Lu Songjian, Yang Jiyuan, Yan Lei, Liu Jingjing, Wang Judy Jiaru, Jain Rhea, Yu Jiyang
Department of Computational Biology, St. Jude Children's Research Hospital, Memphis, TN, 38105, USA.
Nat Commun. 2025 Feb 1;16(1):1246. doi: 10.1038/s41467-025-56623-1.
The variation of transcriptome size across cell types significantly impacts single-cell RNA sequencing (scRNA-seq) data normalization and bulk RNA-seq cellular deconvolution, yet this intrinsic feature is often overlooked. Here we introduce ReDeconv, a computational algorithm that incorporates transcriptome size into scRNA-seq normalization and bulk deconvolution. ReDeconv introduces a scRNA-seq normalization approach, Count based on Linearized Transcriptome Size (CLTS), which corrects differential expressed genes typically misidentified by standard count per 10 K normalization, as confirmed by orthogonal validations. By maintaining transcriptome size variation, CLTS-normalized scRNA-seq enhances the accuracy of bulk deconvolution. Additionally, ReDeconv mitigates gene length effects and models expression variances, thereby improving deconvolution outcomes, particularly for rare cell types. Evaluated with both synthetic and real datasets, ReDeconv surpasses existing methods in precision.
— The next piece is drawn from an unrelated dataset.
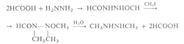 оксиэтил- и др. функционально замещенные алкилгидразины, а также гидразоны и гидразиды к-т. Алкилирование гидразина приводит сначала к монозамещенному продукту, к-рый, однако, легко превращается в несим-диалкилгидразин. сим-Диалкилгидразины синтезируют из вторичных гидразидов муравьиной к-ты по схеме:
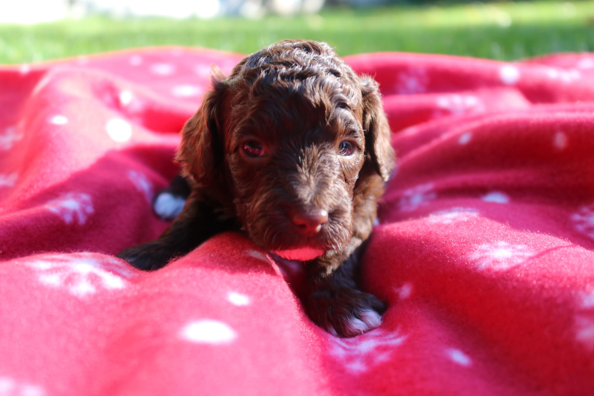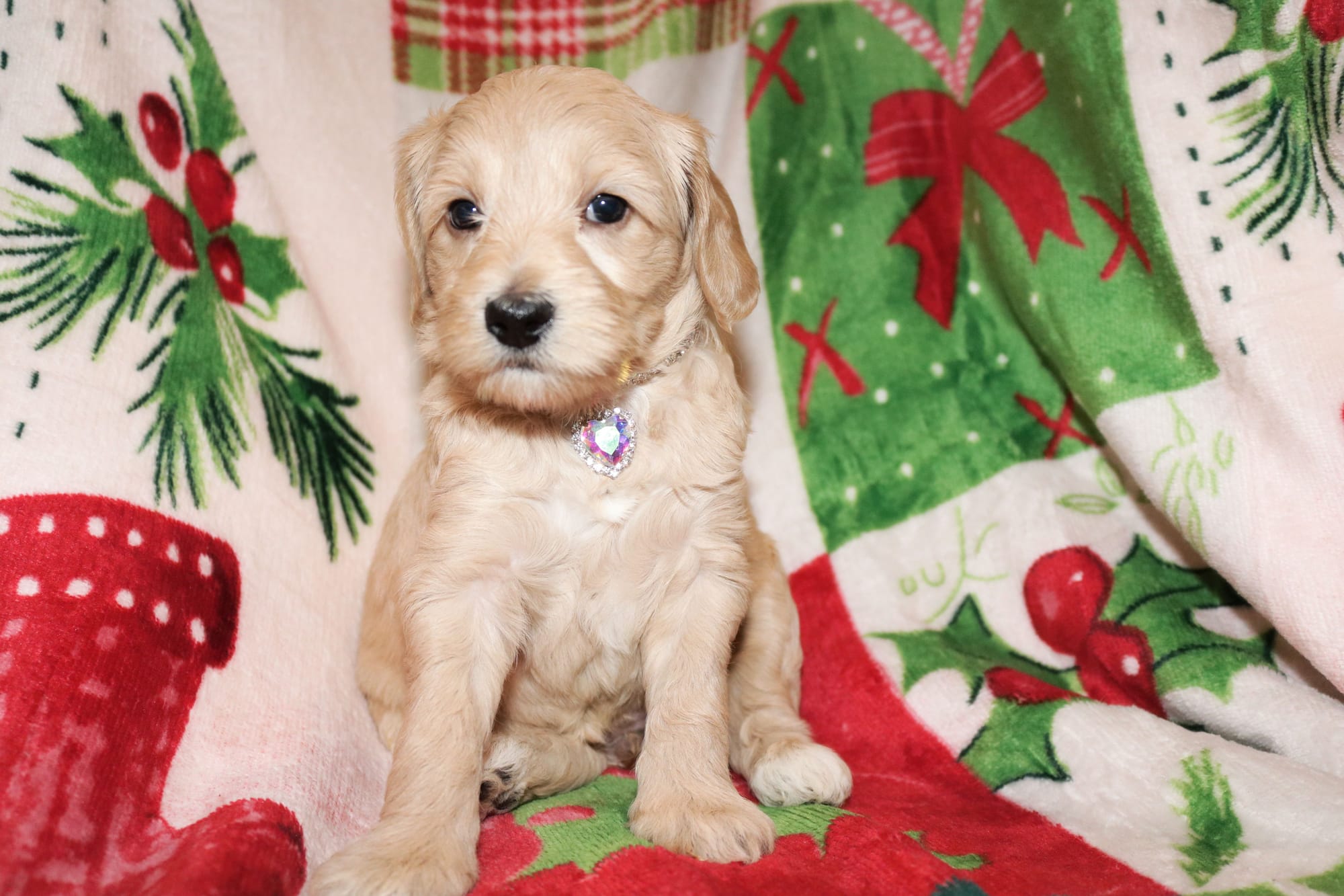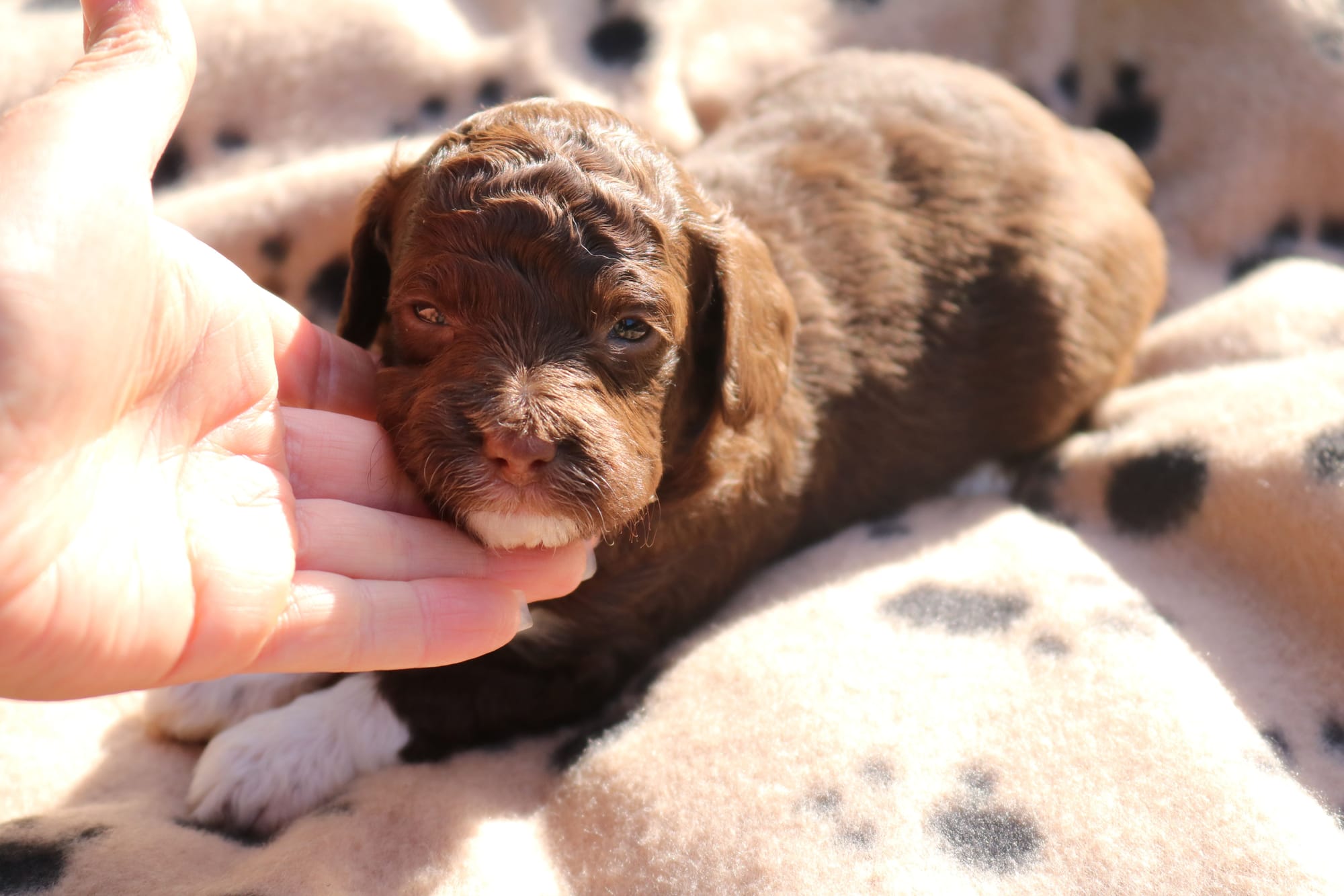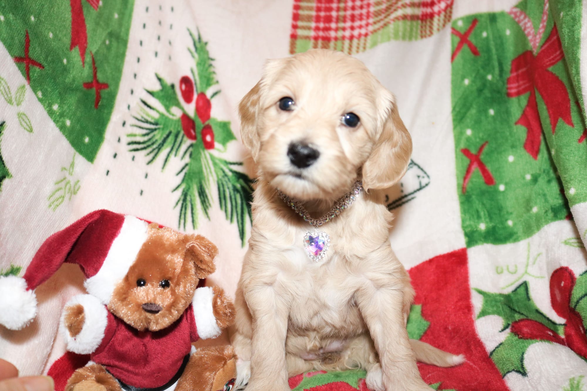 Puppies are introduced to many things such as loud noises, vacuums, multiple toddler toys that make different sounds, music ect.. At a young age it is very important to get doodle puppies used to grooming, bathing, nail clipping, brushing, crate, and pee pad training.

ReDeconv alters the practice and provides a new standard for scRNA-seq analyses and bulk deconvolution. The software packages and a user-friendly web portal are available.
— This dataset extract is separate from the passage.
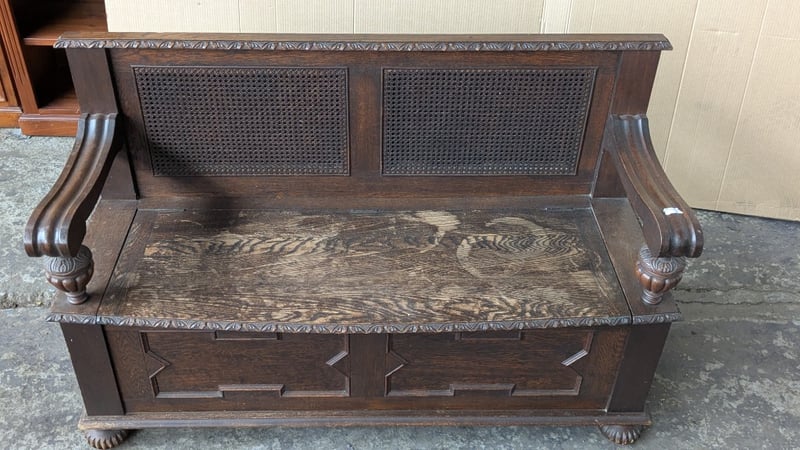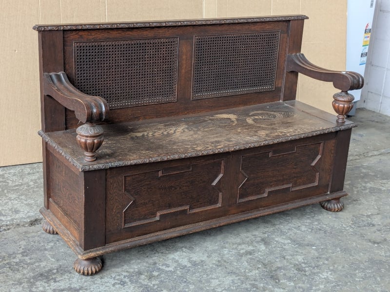 Bench, antique style timber monks bench. Furniture 88cm H x 148cm W x 47cm D

转录组大小在不同细胞类型间的差异对单细胞RNA测序(scRNA-seq)数据标准化和批量RNA测序细胞反卷积有显著影响,但这一内在特征常被忽视。在此,我们介绍ReDeconv,一种将转录组大小纳入scRNA-seq标准化和批量反卷积的计算算法。ReDeconv引入了一种scRNA-seq标准化方法,即基于线性化转录组大小的计数(CLTS),经正交验证证实,该方法可校正通常在每10K标准化中被误识别的差异表达基因。通过保持转录组大小差异,CLTS标准化的scRNA-seq提高了批量反卷积的准确性。此外,ReDeconv减轻了基因长度效应并对表达方差进行建模,从而改善反卷积结果,特别是对于稀有细胞类型。通过合成数据集和真实数据集评估,ReDeconv在精度上超越了现有方法。ReDeconv改变了实践方式,为scRNA-seq分析和批量反卷积提供了新的标准。软件包和用户友好的门户网站均可获取。